═════ Given information ═════
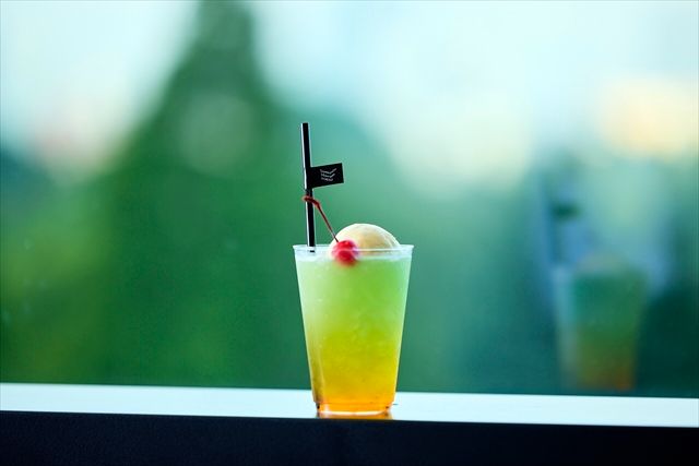 時間の移ろいとともに変化する光と色を表現したモネの目をグラデーションクリームソーダで再現しています。
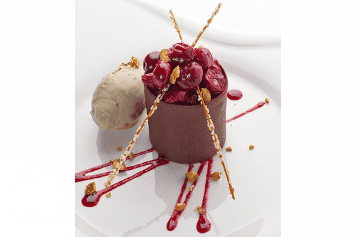 Этот роскошный десерт — изысканное сочетание японской кулинарной точности и европейской кондитерской традиции. Ролл из шоколадного сигаретного теста с шоколадным и фисташковым кремом — это гармония текстур и вкусов. Хрустящее тонкое тесто, приготовленное по специальной технике, оборачивает нежнейший крем, где насыщенный шоколад встречается с тонким ореховым оттенком фисташек. Вишневый акцент, дополненный ликером «Амаретто», придаёт десерту благородную фруктовую кислинку. Каждая деталь этого блюда — дань тонкому искусству создания десертов, в котором баланс сладости, кислинки и кремовой нежности делает его незабываемым. Подаётся с шариком мороженого, добавляя свежесть и контраст текстур. Идеальный выбор для утонченного наслаждения и завершения изысканного ужина.
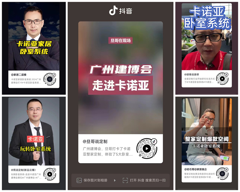 本屆建博會(huì),卡諾亞打通線上線下流量場(chǎng),橫向做輻射,縱向做滲透。以“卡諾亞臥室系統(tǒng)超級(jí)IP”為傳播主線,特邀抖音達(dá)人@旦哥說定制、@娜仁格日勒、巖石哥@家居裝企、@家居二層樓、@苑說定制、@胡鋒說裝修,小紅書達(dá)人@ Snow雪芙、@愛生活的阿胖,以及權(quán)威媒體搜狐焦點(diǎn)家居、慧亞招商網(wǎng)、中華全屋定制網(wǎng)等紛紛前來卡諾亞展館,進(jìn)行專業(yè)探展與沉浸式體驗(yàn),以直播、短視頻等形式,集體為卡諾亞臥室系統(tǒng)背書。這些家居頂流KOL,展前利用短視頻打Call造勢(shì),展中第一時(shí)間多維度現(xiàn)場(chǎng)體驗(yàn)卡諾亞臥室系統(tǒng)的諸多亮點(diǎn),為卡諾亞臥室系統(tǒng)在建博會(huì)上強(qiáng)勢(shì)吸睛助力,展后則深度解析卡諾亞臥室系統(tǒng)作為切入點(diǎn),帶動(dòng)整家定制的全案服務(wù)與成交推廣的財(cái)富密碼。
═════
▸ Exercise objective: Copy every line above exactly; images stay out.

▸ Task response:
 時間の移ろいとともに変化する光と色を表現したモネの目をグラデーションクリームソーダで再現しています。
 Этот роскошный десерт — изысканное сочетание японской кулинарной точности и европейской кондитерской традиции. Ролл из шоколадного сигаретного теста с шоколадным и фисташковым кремом — это гармония текстур и вкусов. Хрустящее тонкое тесто, приготовленное по специальной технике, оборачивает нежнейший крем, где насыщенный шоколад встречается с тонким ореховым оттенком фисташек. Вишневый акцент, дополненный ликером «Амаретто», придаёт десерту благородную фруктовую кислинку. Каждая деталь этого блюда — дань тонкому искусству создания десертов, в котором баланс сладости, кислинки и кремовой нежности делает его незабываемым. Подаётся с шариком мороженого, добавляя свежесть и контраст текстур. Идеальный выбор для утонченного наслаждения и завершения изысканного ужина.
 本屆建博會(huì),卡諾亞打通線上線下流量場(chǎng),橫向做輻射,縱向做滲透。以“卡諾亞臥室系統(tǒng)超級(jí)IP”為傳播主線,特邀抖音達(dá)人@旦哥說定制、@娜仁格日勒、巖石哥@家居裝企、@家居二層樓、@苑說定制、@胡鋒說裝修,小紅書達(dá)人@ Snow雪芙、@愛生活的阿胖,以及權(quán)威媒體搜狐焦點(diǎn)家居、慧亞招商網(wǎng)、中華全屋定制網(wǎng)等紛紛前來卡諾亞展館,進(jìn)行專業(yè)探展與沉浸式體驗(yàn),以直播、短視頻等形式,集體為卡諾亞臥室系統(tǒng)背書。這些家居頂流KOL,展前利用短視頻打Call造勢(shì),展中第一時(shí)間多維度現(xiàn)場(chǎng)體驗(yàn)卡諾亞臥室系統(tǒng)的諸多亮點(diǎn),為卡諾亞臥室系統(tǒng)在建博會(huì)上強(qiáng)勢(shì)吸睛助力,展后則深度解析卡諾亞臥室系統(tǒng)作為切入點(diǎn),帶動(dòng)整家定制的全案服務(wù)與成交推廣的財(cái)富密碼。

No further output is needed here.